Sherlock then changes tack, deciding to focus his energies on keeping his sprite with him in his beloved London. He hypothesizes that there’s some kind of magnetic force at work, with the charges of the clouds and him competing for the sprite’s attention. The clouds are a stronger pull until the sprite gets close enough to him and then he can use Sherlock’s weak pull to anchor him for a time. But the moment the thunderclouds move on, so too must his sprite. So, the options then are to either increase the strength of Sherlock’s pull, which might mean frying Mycroft and other persons of his acquaintance, or find a way to cancel out the pull of the clouds. Fortunately for Mycroft, the simpler solution is the latter.

What seems like an obvious solution takes weeks of experimenting and tinkering. Sherlock throws himself into his engineering conundrum with gusto, learning on the fly and wishing he’d paid as much attention in his physics coursework as he had in chemistry. However, his brain has always been his sharpest tool - if aimed at the right problem it will succeed in reaching the target. In the meantime, the flat becomes littered with discarded prototypes and leftover bits of metal and wire.

Mycroft is positively baffled by his latest obsession and during his next visit asks, “What possible case are you causing such a mess for?”

“Shut up, Mycroft.”

“Well, whatever this all is, please do not electrocute yourself again. Mummy would be so upset if you finished the job you started a few years ago.”

“You know perfectly well that 90% of lightning strike victims survive, and it’s not like I was trying to get electrocuted - I was trying to solve the case!”

“Still, let’s not tempt fate, shall we?”

And then the day arrives that he’s tested his final version in every way but on his sprite. It’s been nearly three years since the first time he saw his sprite in the hospital, three years of strangeness and pleasure and excitement. Sherlock can’t remember what it was like to not crave the electric touch of his sprite, to not wish for glowing eyes and skin to brighten up rainy days. And now, here he is on the cusp of potentially having his sprite with him always and he feels terrified.
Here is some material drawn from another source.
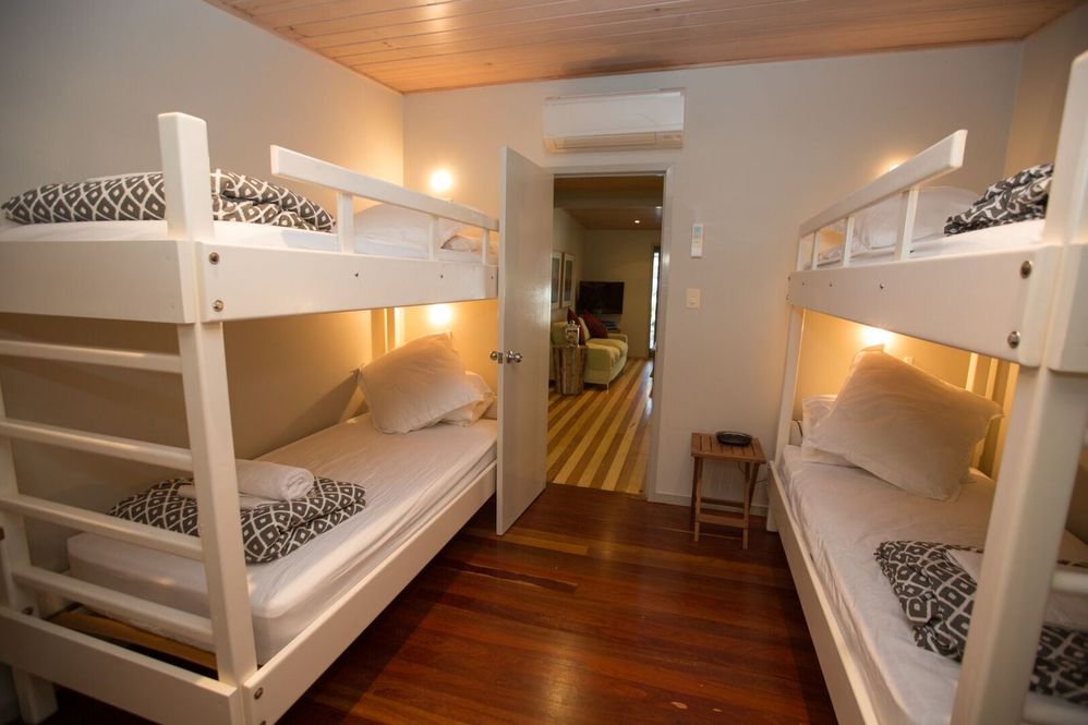The Parents Retreat being a feature and the ultimate recipe for relaxation and privacy, is situated up the stairs from the verandah you have your own sitting area with TV and DVD player, comfy king bed, ensuite plus private deck looking out across the lawn to the ocean. This is also a great separate space for working on holidays.

Because if he’s wrong, if despite his care and caution and all the simulations and double-checking of his maths, if he somehow ends up repelling his sprite or neutralizing his own attractive powers and he never gets to see his sprite again, then, well, he doesn’t really know what he will do with himself.
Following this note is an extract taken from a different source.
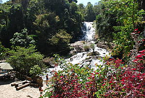 Вверху, там, где находятся кассы, в большом количестве присутствуют и кафе-рестораны, и магазины с дегустацией. Но мой совет — не покупайте. Дороже на порядок, чем в любом прибрежном городе. Например, вытяжка из артишоков стоила 500 000 донгов. На фото она в нижнем правом углу, красные упаковки. В Нячанге, на рынке она же стоила 200 000.
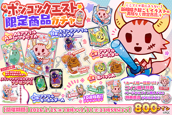 ポンコツクエストの新規描き起こしイラスト商品がゲットできるオンラインガチャ

So, to be safe, he waits until after his sprite has appeared and they’ve had a chance to slip and slide and sigh one last time before he takes it by the hand into the sitting room. He shows it the neutralizing device he’s conveniently condensed into an armband and tries to explain what it will do and why he’s made it.

Then he asks the most important question.

“Do you want to stay with me, here, always?”

There’s barely a moment’s hesitation before his sprite nods.

“Good.” Sherlock cannot help the grin that breaks across his face. He forces himself to sober for the next bit. “Do you understand the risks, though? Do you understand that I don’t know everything about you? That I might not have accounted for something in your physiology and that this device might instead keep us apart, possibly forever?”

Luminous eyes bore into his. Another nod.

“Ok. Hold out your arm.”

Breathless, Sherlock slips the armband on and presses the button to initiate the ion stabiliser. His sprite doesn’t react when the band glows bright green, beeps, and then darkens again. They stand silent, expectant, listening as the storm begins to fade away. When there’s no further rumbling for a full minute, Sherlock reaches out to check the band but his hand is arrested by a new voice in the still sitting room.

“My clever beauty.”

Sherlock’s lips part and he sucks in a breath. His sprite’s voice is nothing like he imagined, pattering down upon him lightly but supported by an undercurrent of intensity. That voice is already doing all kinds of wonderful things to his insides.

“My name is John,” says his sprite as it smiles up at him, skin glowing vibrant turquoise. “And it has been my deepest desire to stay with you always since the moment I first saw you.”

Sherlock nearly faints with relief and joy.